O Núcleo de Repressão às Organizações Criminosas e à Corrupção (Nuroc) divulgou, nesta semana, um esquema fraudulento envolvendo empresários e profissionais de saúde suspeitos de vender materiais hospitalares descartáveis reutilizados. O fato pode jogar mais “lenha na fogueira” da chamada judicialização da medicina, pois a infecção hospitalar está entre os motivos pelos quais pacientes acionam a Justiça quando se sentem lesados nos serviços prestados por unidades de saúde. Segundo estimativas, cerca de 100 mil pessoas morrem por ano vítimas de algum tipo de infecção hospitalar.
O advogado especialista em Defesa Médica, Télvio Valim, explica que hospitais podem ser responsabilizados na esfera judicial por episódios de infecção hospitalar. “Na área do Direito dizemos que existe responsabilidade objetiva, pois a unidade de saúde deve estar ciente da qualidade dos produtos que utiliza e compra”, explicou Valim. Para o advogado, basta estabelecer um nexo causal. “Se a causa do dano estiver relacionada à responsabilidade do hospital, a unidade é responsabilizada, independentemente de quais foram suas ações ou intenções”, explicou Valim.
A judicialização da saúde é um fenômeno no Brasil e no mundo. De acordo com os dados extraídos da publicação “Números atualizados da judicialização da saúde no Brasil”, 1.346.931 processos judiciais de natureza cível foram ajuizados até 31 de dezembro de 2016 e estão tramitando na Justiça.
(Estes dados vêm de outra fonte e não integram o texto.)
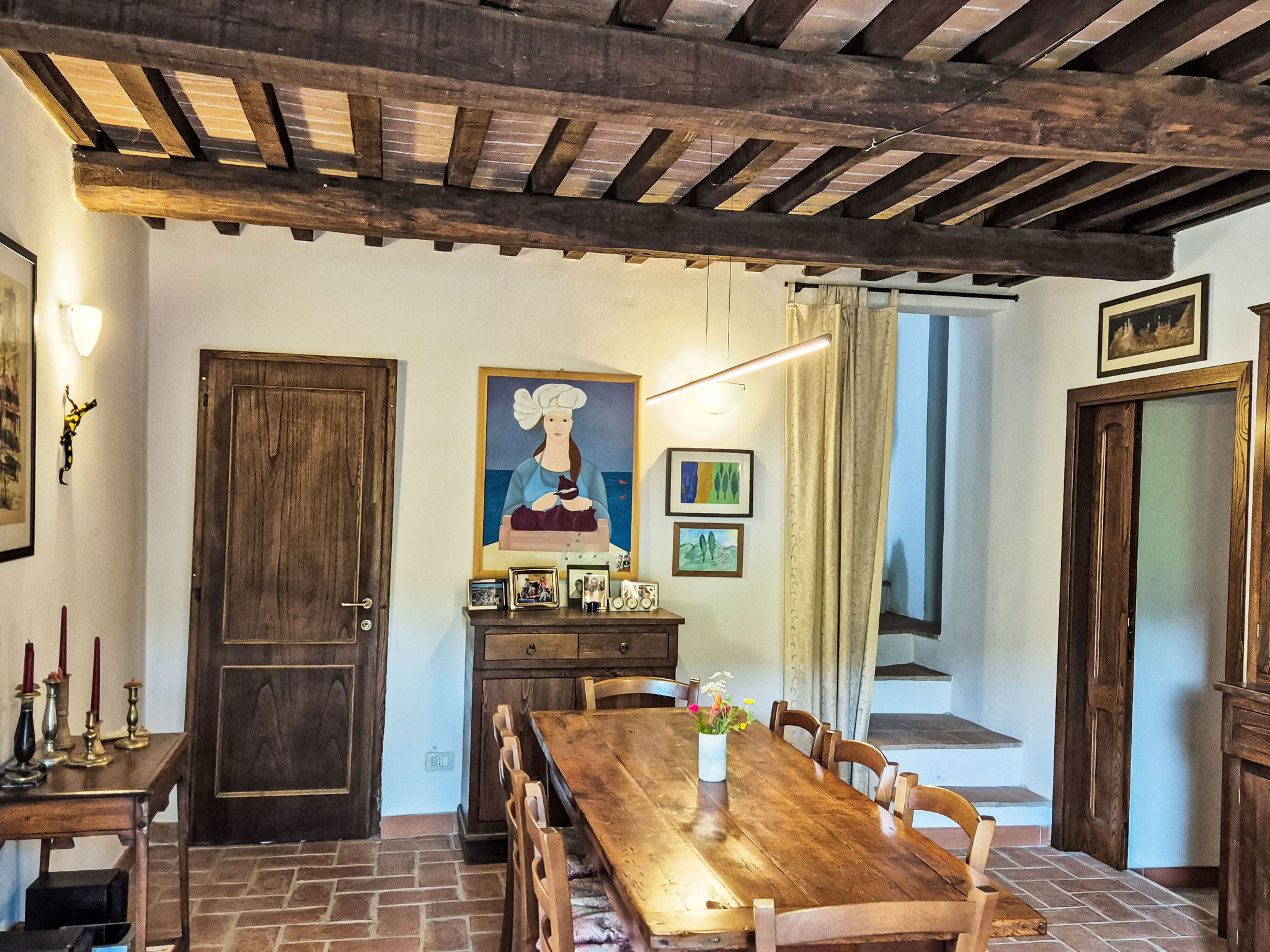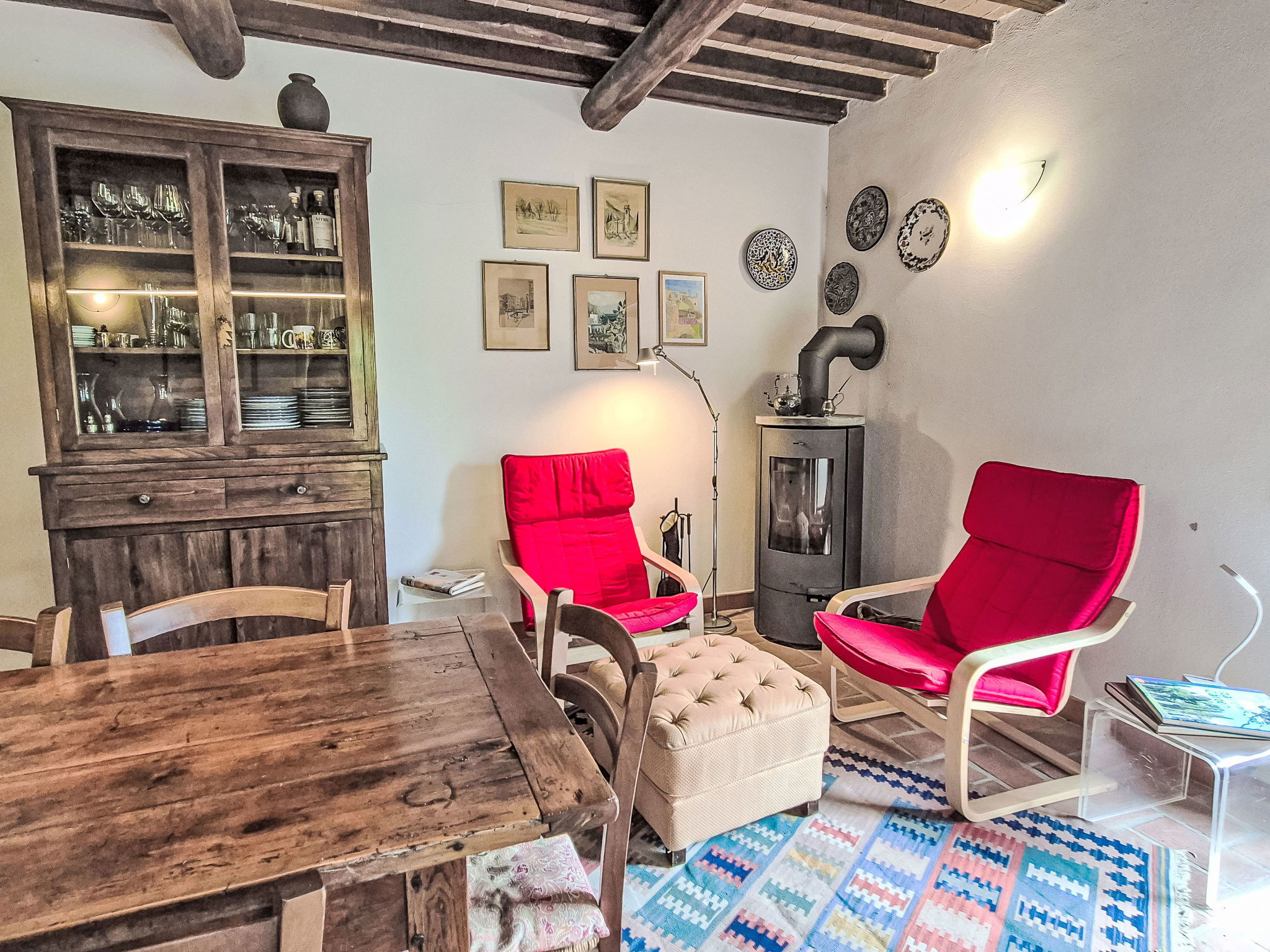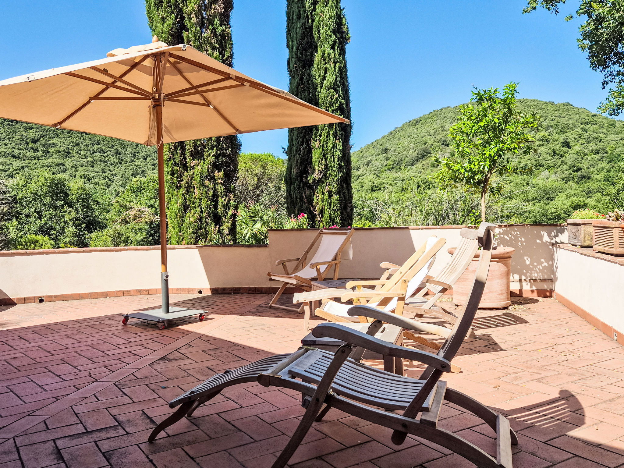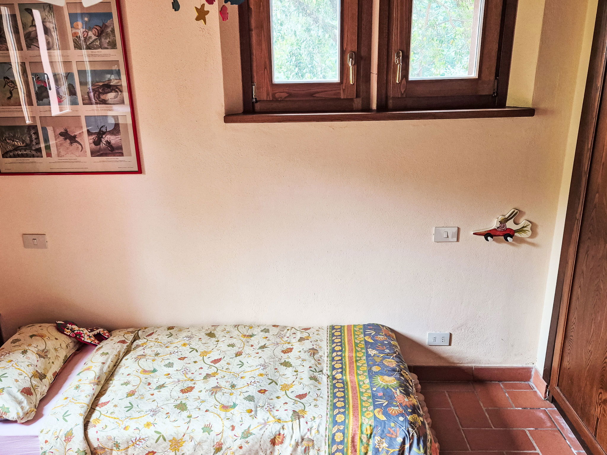 Cosy, rustic house "La Valle", surrounded by trees and meadows. 4 km from the centre of Buriano, 8 km from the centre of Vetulonia, in a quiet, sunny position on top of a hill, 15 km from the sea, 15 km from the beach, in the woods. Private: natural state property 3 ha, large garden (not fenced). 2 km long bumpy, narrow motor access (via unmade road). Parking on the premises. Supermarket 7 km, restaurant 4 km, bus stop 5 km, sandy beach "Castiglione della Pescaia" 15 km, thermal baths "Venturina" 40 km. Sports harbour 15 km, golf course (18 hole) 25 km, riding stable 3 km, walking paths from the house 50 m. Nearby attractions: Tirli / Caldana 11 km, Grosseto / Le Rocchette 20 km, Punta Ala 30 km, Castiglione della Pescaia 14 km. Hiking paths: Riserva Naturale Diaccia Botrona 16 km. Please note: car recommended. 1st floor is closed and not occupied.

Desses, 427.267 estão relacionados a planos de saúde e 214.947 a tratamentos e ao não fornecimentos de medicamentos pelo SUS.
Para Valim, o crescimento está associado a vários fatores, entre eles, maior acesso à informação por parte dos cidadãos. Além disso, no setor privado, os pacientes se tornaram consumidores exigentes. Dessa forma, acionam o Código de Defesa do Consumidor contra os profissionais quando se veem insatisfeitos. Já no setor público, a insatisfação dos usuários em relação ao SUS também tem sido levada aos tribunais.
O crescimento também envolve processo contra erros médicos. De acordo com dados do Superior Tribunal de Justiça (STJ), num extrato de 10 anos, de 2004 a 2014, houve um aumento de 1.600% no número de processos judiciais envolvendo médicos, além de um crescimento de 180% de profissionais condenados nos Conselhos Regionais de Medicina. As estimativas indicam que, atualmente, 7% dos médicos brasileiros respondem a processos.
Para Valim, nesse caso, as razões também são explicáveis. “No passado, a quantidade de profissionais era restrita, pois havia um número menor de faculdades de Medicina. Segundo Valim, outra variável é a precarização da Medicina. “Não é segredo, por exemplo, que no setor privado muitos hospitais são plenamente equipados, que os médicos são mal remunerados e que trabalham muito além da sua capacidade por exigência dos planos de saúde. Soma-se ainda problemas estruturais da rede pública de saúde, como falta de mão de obra auxiliar ao serviço médico”.